Run No. 993

Date: 28 September 2001

Where: Sunset Bay, Sentosa

Occasion:  Coo Chi Coo’s Birthday

Hares: Coo Chi Coo, No Good

Members: 50

Guests:  20

- Returnees : 0

- Visitors : 1

- Virgins : 3

 

The Sentosa, War memorial run was voted a very good run even with the fat snake and the frightened chickens.

 

Next week’s hare – Forest Cunt. Run to be at the car park at the end of Fort road at Tanjong Rhu.

 

So early in the circle, the private party of Boo, Boo and Boo was iced by the GMattress for disturbing the peace, a minor misdameanor according to Boo.

 

All the virgins tonight were courtesy of Half Penny – Simon, Claire and Anita were given a drink with Boo. Half Penny was called in also to make it a full-house of lawyers, amidst cries of Hang Them. Boo shouted something about he only wants to solicit….. he should “sit and licit” more often as this was not to be his last visit to the cool-stool.

 

Randy from Houston was our visitor, cap and all.

 

Harelip whipped cheap bastards for being ferry-men, and soliciting rides across the causeway - Foo Foo, Strapless, Skidmark and Stiffy. Stiffy even made money – amazing how many people you can fit in the Merc’ with the windows down.

 

Awards -  100 runs to Corny Linguist , 250 for Quickie with an audience of Boo, while Strapless exhibited why he got his name, cause he had no idea how to get the shirt onto Quickie – poor Amy!!!! Too Good got her 650 runs award and also gave no fleshy glimpses – I guess that why we have Indi…..

 

The Mystery Whip was hesitant, Indi cried “you never know who will come out” … in walked the man from Snowy River, whip cracking, lip smacking , declaring a need for a mountain woman – On in Bushy. Bully, whip in hand, wanted to know what he and Bushy had in common. “Tit-size!” yelled Puss-in-boots. I whispered that they could both have crack-in-hand as Bully whipped me again for justafiably mistaking Bully for Bushy in one of my more lucid moments earlier on. Down down for the flogged Frontarse.

 

Bully then whipped the happless Boo for always knowing his way around the mainland but had to wait for Quickie at the causeway entrance as it was she who was to lead him onto Sentosa as Boo would be lost….. no man is an island.

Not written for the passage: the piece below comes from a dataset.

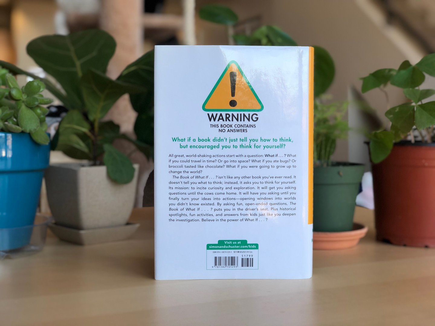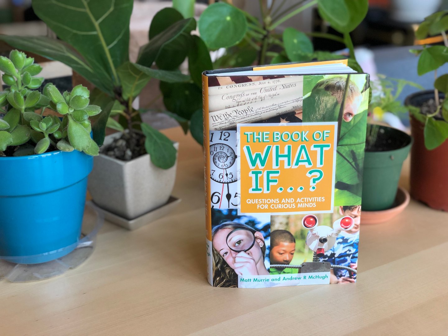 The Book of What If…?: Questions and Activities for Curious Minds uses What If…? questions to help kids engage with complex topics: alternative histories, justice, philosophy, gene modification, death, identity, neuroscience, and so on. For example:

Bully in a trilogy of whips fladulated our visitor Randy for calling him Mr. Bull, out of respect for elders as Randy(40++) had just married a 25 year old lady, I guess you don’t get a name like that for nothing!!

 

And now it’s time for the Mystery Mystery Whip, in sauntered the venerable Loose Change, who wasn’t even going to run until she accepted the MMW jobby. Lucky she did as poor No Good was whipped for not knowing what a 69 was, before our LC could whip out her ‘Kamela Sutra’ up jumped the Yoga pumped Wankie Poo and volunteered to show them – ooh that would put a kink in your neck for a 34.5 ….??

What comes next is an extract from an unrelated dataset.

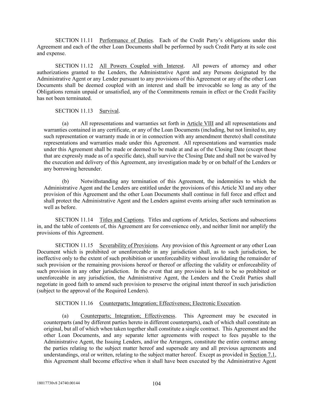 18017730v8 24740.00144 104 SECTION 11.11 Performance of Duties. Each of the Credit Party’s obligations under this Agreement and each of the other Loan Documents shall be performed by such Credit Party at its sole cost and expense. SECTION 11.12 All Powers Coupled with Interest. All powers of attorney and other authorizations granted to the Lenders, the Administrative Agent and any Persons designated by the Administrative Agent or any Lender pursuant to any provisions of this Agreement or any of the other Loan Documents shall be deemed coupled with an interest and shall be irrevocable so long as any of the Obligations remain unpaid or unsatisfied, any of the Commitments remain in effect or the Credit Facility has not been terminated. SECTION 11.13 Survival. (a) All representations and warranties set forth in Article VIII and all representations and warranties contained in any certificate, or any of the Loan Documents (including, but not limited to, any such representation or warranty made in or in connection with any amendment thereto) shall constitute representations and warranties made under this Agreement. All representations and warranties made under this Agreement shall be made or deemed to be made at and as of the Closing Date (except those that are expressly made as of a specific date), shall survive the Closing Date and shall not be waived by the execution and delivery of this Agreement, any investigation made by or on behalf of the Lenders or any borrowing hereunder. (b) Notwithstanding any termination of this Agreement, the indemnities to which the Administrative Agent and the Lenders are entitled under the provisions of this Article XI and any other provision of this Agreement and the other Loan Documents shall continue in full force and effect and shall protect the Administrative Agent and the Lenders against events arising after such termination as well as before. SECTION 11.14 Titles and Captions. Titles and captions of Articles, Sections and subsections in, and the table of contents of, this Agreement are for convenience only, and neither limit nor amplify the provisions of this Agreement. SECTION 11.15 Severability of Provisions. Any provision of this Agreement or any other Loan Document which is prohibited or unenforceable in any jurisdiction shall, as to such jurisdiction, be ineffective only to the extent of such prohibition or unenforceability without invalidating the remainder of such provision or the remaining provisions hereof or thereof or affecting the validity or enforceability of such provision in any other jurisdiction. In the event that any provision is held to be so prohibited or unenforceable in any jurisdiction, the Administrative Agent, the Lenders and the Credit Parties shall negotiate in good faith to amend such provision to preserve the original intent thereof in such jurisdiction (subject to the approval of the Required Lenders). SECTION 11.16 Counterparts; Integration; Effectiveness; Electronic Execution. (a) Counterparts; Integration; Effectiveness. This Agreement may be executed in counterparts (and by different parties hereto in different counterparts), each of which shall constitute an original, but all of which when taken together shall constitute a single contract. This Agreement and the other Loan Documents, and any separate letter agreements with respect to fees payable to the Administrative Agent, the Issuing Lenders, and/or the Arrangers, constitute the entire contract among the parties relating to the subject matter hereof and supersede any and all previous agreements and understandings, oral or written, relating to the subject matter hereof. Except as provided in Section 7.1, this Agreement shall become effective when it shall have been executed by the Administrative Agent

Loose Change then whipped our little feathered friend ‘Ayam Kampong’ for changing  in her office and nobody noticing. She should have stopped talking, and then everyone would have turned around …… thanks Indi (hey you can get anyone in trouble when you write this thing)

      

A real prick-of-the-week story from the giver – Corny Linguist, another cheap bastard, left his car and got a lift onto sentosat $4.00, instead of $12. Realising he had left the POW behind, he asked Fanny Flasher to take him over to get the prick (likely story) even after FF had asked Pit Stop to go home with her. On retrieving the prick found that in saving $8.00, he had been a victim of the grey wrath and had a parking ticket for his problems – good save Corny. All this just to give the prick to Half Penny for being aggressive. I guess shewanted to take Corny over the cause-all the-way.

 

Indi announced, in her own demure way that there is always a  plethora of love making at Christmas time in OZ, especially when she is homme (get it??) and to prove her point bought in 4 September-birthday Aussies, Half Penny, Coo Chi Coo, Shit Stream and Filthy Phil as they were the recipients of that twinkling Christmas eye all those years ago.

 

Another voiciferous icing, Skidmark for something about sex going to different parts of his body – you can only do that after copious quantities of beer – for your partner…

 

1000th run barrell devotees, uncorked – Indianus (about time) but she was to be iced for ……. donating to the goodie bag instead!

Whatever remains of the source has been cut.